Нолдо не знал, что Темные говорят о Линаэвэн, и решил, что этот человек говорил о Лагортале и Кирионе, издевался над тем, что было только что.
– Кирион не сдался, и он не виноват ни в чём! – лицо эльфа дрогнуло от отвращения. – Нужно быть хуже зверя, чтобы, зная всё, обвинить его. Не знал, что среди людей есть… такие.
– Кирион? – искренне удивился горец. – О чем ты?

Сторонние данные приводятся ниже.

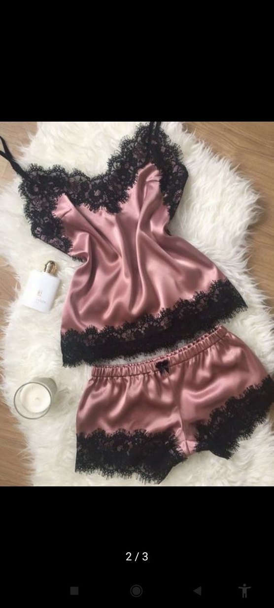 Koyu pembe saten ve siyah dantel detaylı, kısa ve askılı, vücuda oturan kadın pijama takımı. Rahat ve gotik tarzda.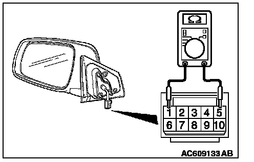 Check to see that the resistance between terminal 1 and 5 of the door mirror (RH) connector E-03.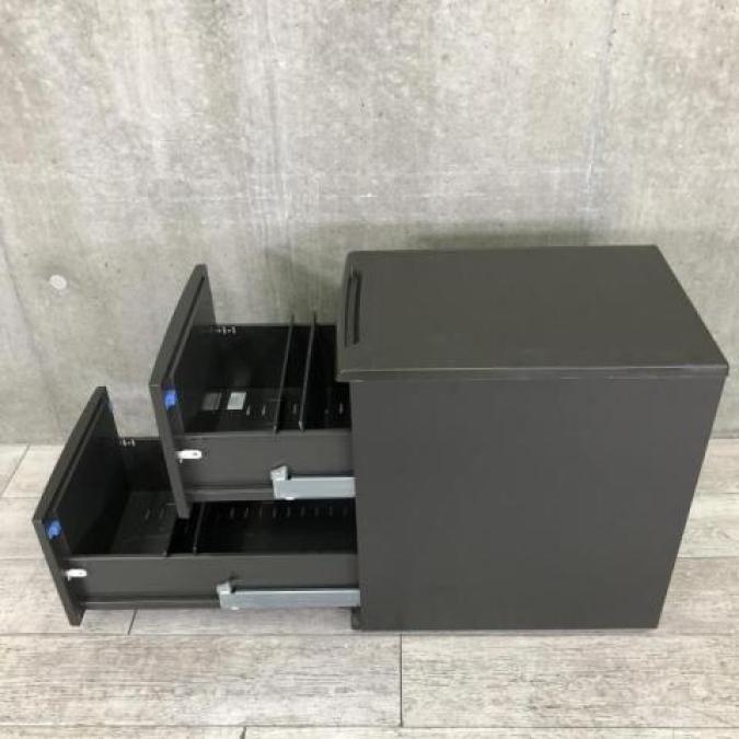 【ファイル書類をたっぷり収納できる!】■オカムラ製 2段ワゴン ブラック ■デスクサイドキャビネット- 池袋店
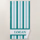 Serviette de plage turquoise en bande avec nom per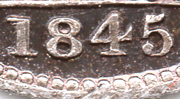 1845 Date varieties All of the 1845 groats appear to have the 18 of the date in a fixed position. The position of the 45 can vary slightly as can the size of the font. * Previously from 1840 to 1844 all of the 4's (bar 1 ?) had a T-bar tail.

Нэльдор выдохнул (от боли получился полустон):
– Так ты не знаешь… – но продолжить ему не дал Саурон.
– Думаю, Кирион один из его спутников, видимо, и его допрашивали, – и после обратился к пленнику. – Мы удивляемся, что вы предпочитаете пытки друг друга тому, чтобы вытащить отсюда и себя, и товарища. Кстати, скоро твой брат будет в крепости.
– Ламмион?! – с болью вскрикнул юноша, и вспомнил о том, что он выдал… если бы не он, их не пытали бы всех, как сейчас. И резко закончил. – Никогда больше.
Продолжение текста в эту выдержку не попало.